On Tuesday, 17. August 2010 17:50:48 Thomas Lumley wrote:
> After fixing the parentheses in your code so it does run, it seems that the
> difference is that wilcox.test defaults to using a continuity correction
> and your manual calculation does not.   Use wilcox.test(big1, big2,
> correct=FALSE).
> 
>     -thomas
> 
> On Tue, 17 Aug 2010, Cedric Laczny wrote:
> > Hi,
> > 
> > I became a little bit confused when working with the Wilcoxon test in R.

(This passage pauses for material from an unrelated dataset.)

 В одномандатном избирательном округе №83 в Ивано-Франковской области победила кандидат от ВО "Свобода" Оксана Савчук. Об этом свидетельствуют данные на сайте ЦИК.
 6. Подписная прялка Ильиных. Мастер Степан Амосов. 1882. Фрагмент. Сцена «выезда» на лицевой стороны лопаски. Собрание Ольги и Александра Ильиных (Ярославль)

> > As far as I understood, there are mainly two versions:
> > 1) wilcox.test{stats}, which is the default and an approximation,
> > especially, when ties are involved
> > 2) wilcox_test{coin}, which does calculate the distribution _exactly_
> > even, with ties.
> > 
> > I have the following scenario:
> > 
> > #---BeginCode---
> > # big example
> > size = 60
> > big1 = rnorm(size, 0, 1)
> > big2 = rnorm(size, 0.5, 1
> > 
> > g1f = rep(1, size)
> > g2f = rep(2, size)
> > big = c(big1, big2)
> > data_frame = data.frame(big, gr=as.factor(c(g1f, g2f)))
> > 
> > wilcox_approx = wilcox.test(big1, big2)

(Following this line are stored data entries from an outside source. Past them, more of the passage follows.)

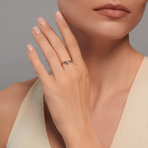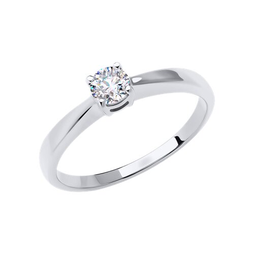 Кольцо с фианитом выполнено из белого золота 585 пробы. Огранка камня максимально раскрывает его красоту, а изящные лапки каста позволяют лучам света играть на поверхности, усиливая её сияние. Изделие представлено брендом SOKOLOV. Вставки: 1 × Фианит недраг Бесцветный Круг 4.00 ~0,451 кар. В комплект поставки входит: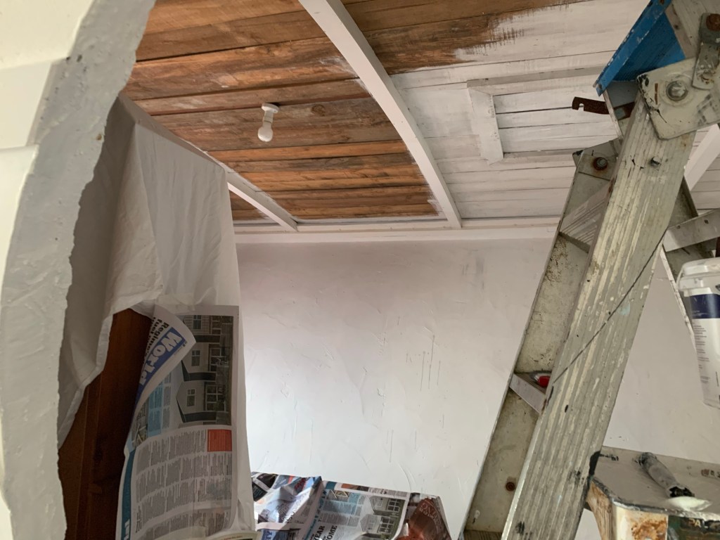 Back in Rawene, it was time to finish painting the ceiling. With the second coat done in the morning, I helped wash the windows while Luca and Karee painted the back of the house.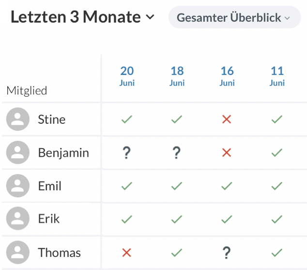 Nun wird dir eine automatisierte Statistik über die Anwesenheit deines Teams angezeigt. Diese kannst du nach Belieben vollständig anzeigen lassen oder aber auch nach den Folgenden Kriterien filtern: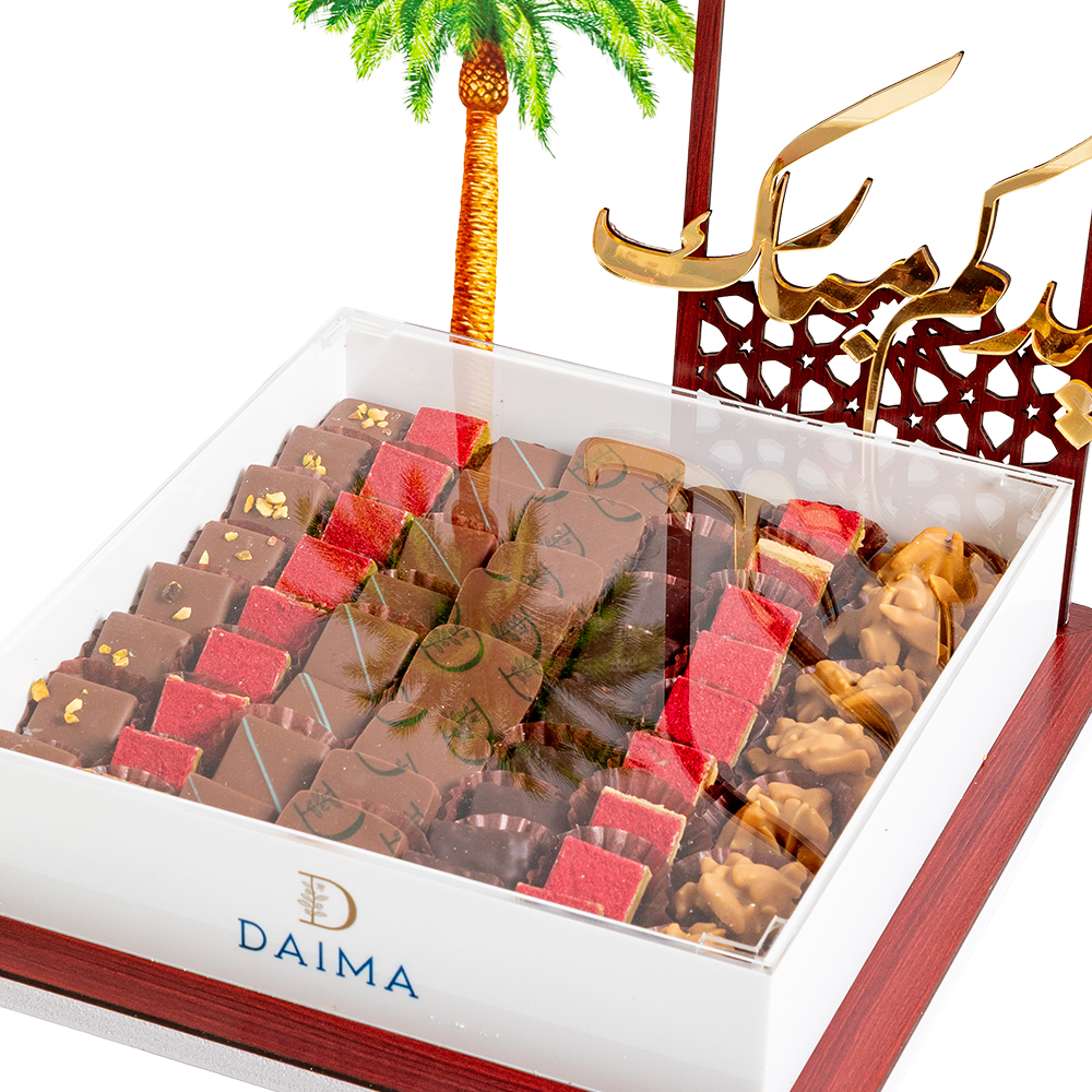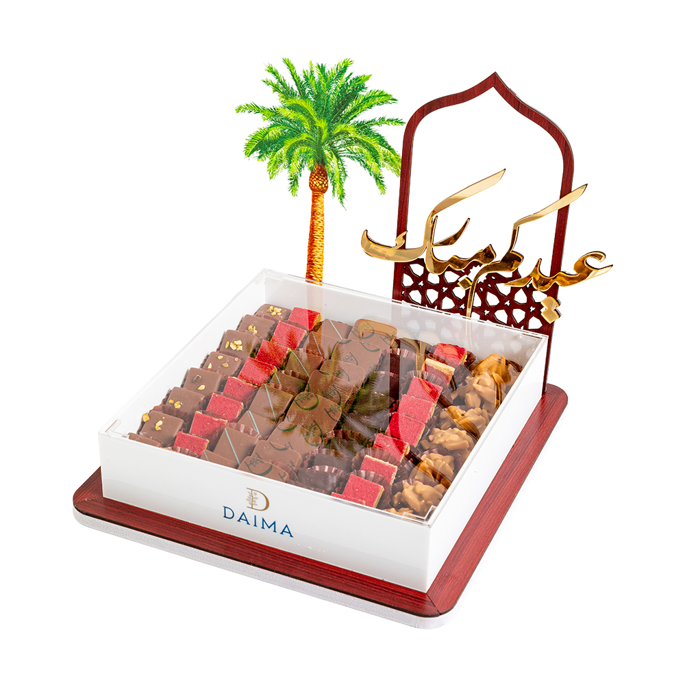 This 555g Eid Special praline chocolate tray blends muhallabia ganache, roasted almond dark chocolate, pistachio praline and passionfruit mango caramel selections. Crafted to elevate festive gatherings, it delivers vibrant flavors in an elegant presentation perfect for Eid gifting.

> > wilcox_exact = wilcox_test(big ~ gr, data=data_frame,
> > distribution="exact") #---EndCode---
> > 
> > I found here
> > http://www-stat.stanford.edu/~susan/courses/s141/hononpara.pdf that
> > wilcox.test (at least for the signed rank test) relies on exact
> > (p-)values until N = n1 + n2 = 50.
> > I can reproduce this, when using e.g. size = 15. The p-values then are
> > the same, as I would expect it, having read the info from the link.
> > 
> > #---BeginCode---
> > print(paste("Wilcox approx p-value:", wilcox_approx$p.value), quote=F)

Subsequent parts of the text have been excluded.